For drivers with kids, the accepted coupon count decreases as the evening approaches.
Lastly, the optimal times for coupon acceptance for drivers with partners are around 10 AM or 6 PM.
Another hypothesis that I had during the analysis was the higher income reduces the acceptance of the coupon. Therefore, in the next section, I considered the impact of the annual income.
Considering the impact of annual income on coupon acceptance, the following plots illustrate the number of coupons based on income groups. Surprisingly, the lowest and highest income groups show the highest received coupons, while the middle-income group (75K to 87.5K) has the lowest acceptance.
To be more concise, I calculated the acceptance rate of the coupon based on the income groups.
The acceptance rate also proves that middle-class people with an average income of 75k to 87.5k have the lowest acceptance rate for coffee house coupons.

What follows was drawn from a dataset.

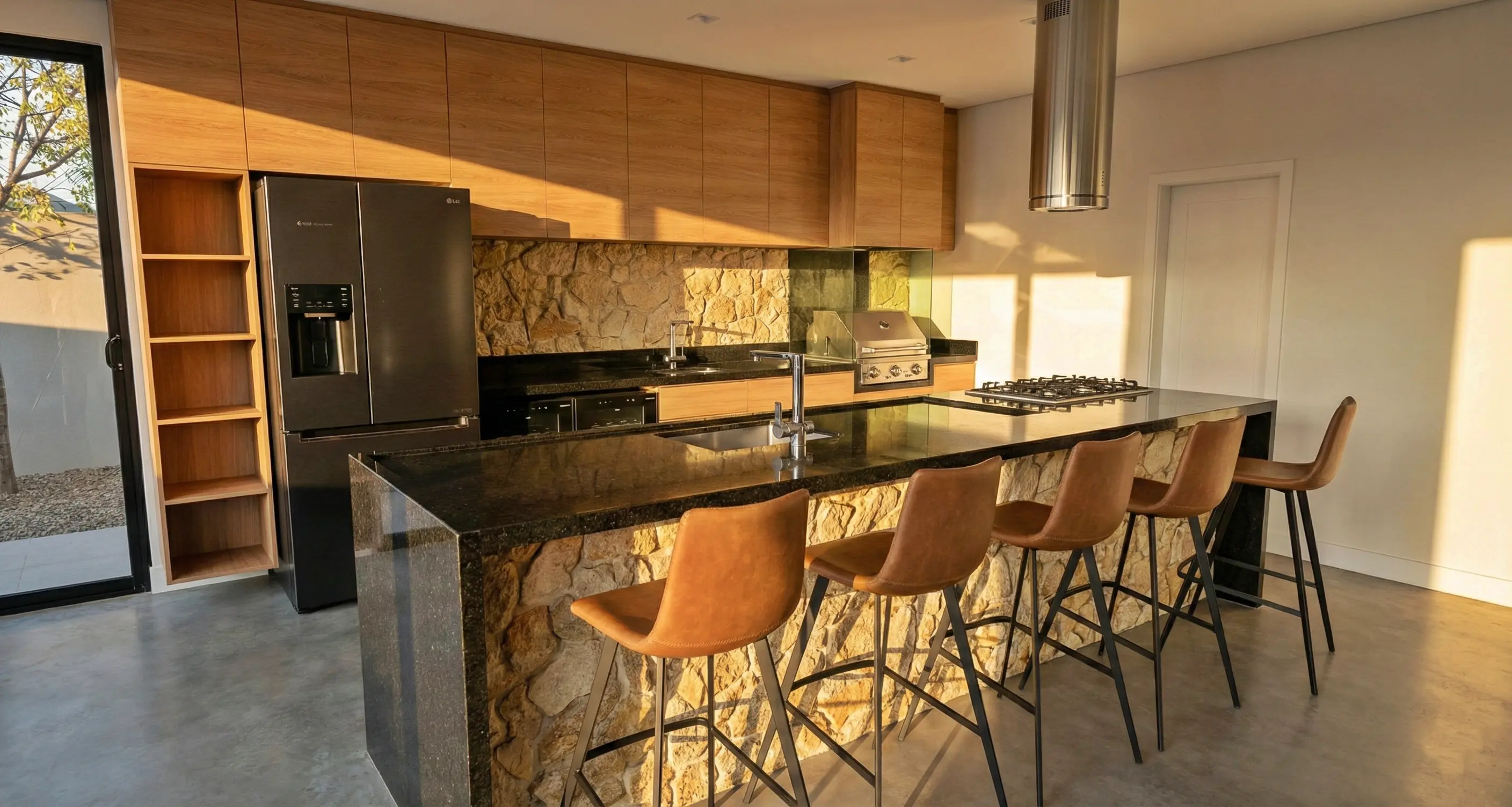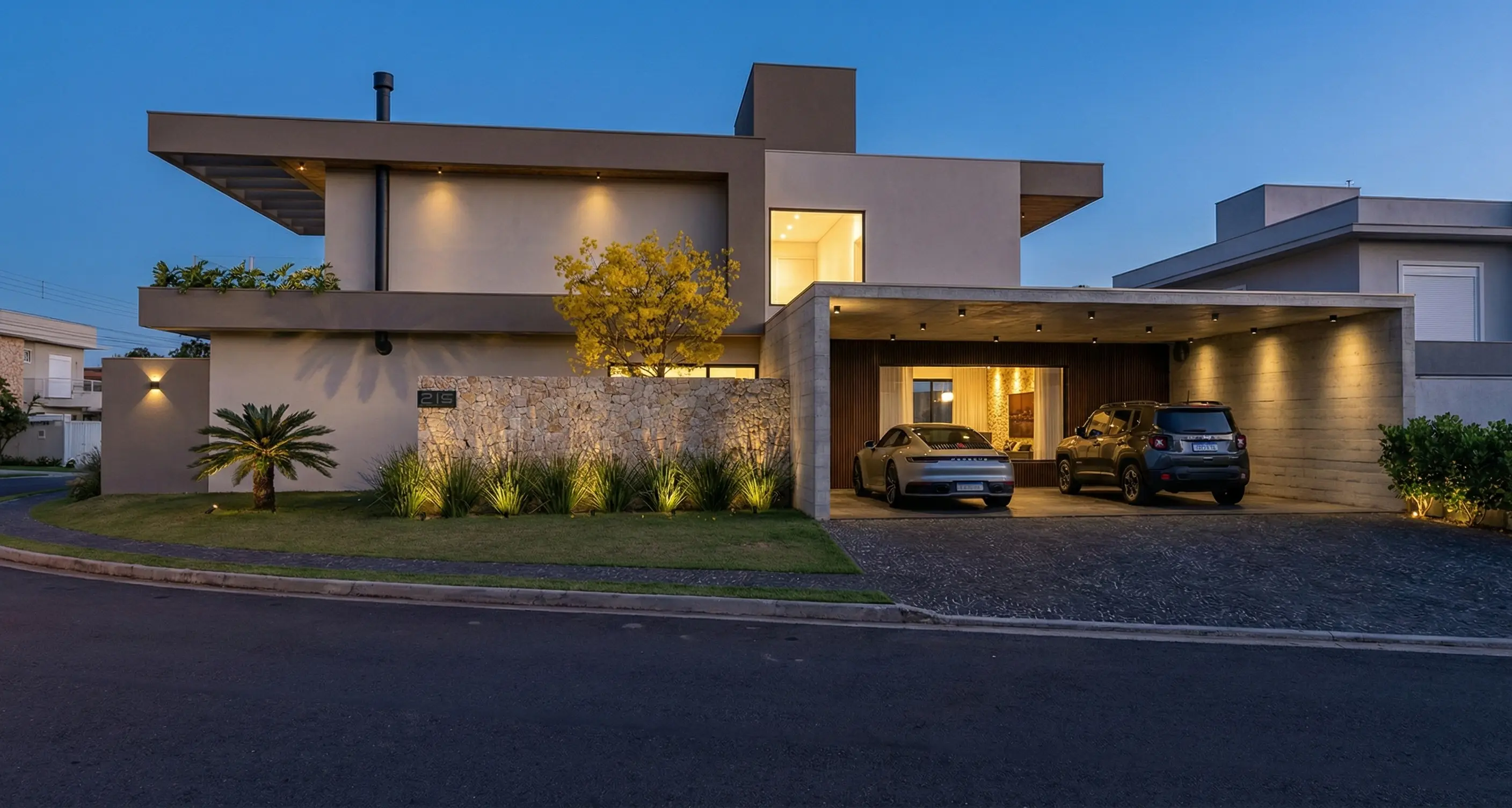 Esta residência traduz a arquitetura contemporânea em sua essência: equilíbrio entre concreto, pedra natural e planos neutros que valorizam a forma. A composição volumétrica cria movimento e profundidade, enquanto a iluminação cênica revela texturas e acolhe com sofisticação ao anoitecer.

All in all, various factors such as weather, passenger type, and income influence the likelihood of accepting or rejecting a coupon. Future analyses could explore additional factors like road congestion, coffee house pricing, and coffee quality to deepen our understanding of the decision-making process. It would also be interesting to see whether the same factors are playing a role in other types of coupons.
P.S: In the Python notebook, I tried to use all three plotting libraries such as matplotlib, seaborn, and plotly to better practice all of them
P.S.2:It looks like the plots I have generated using Plotly packages are note visible in the github. Therefore, to see the plots, please download the Python notebook.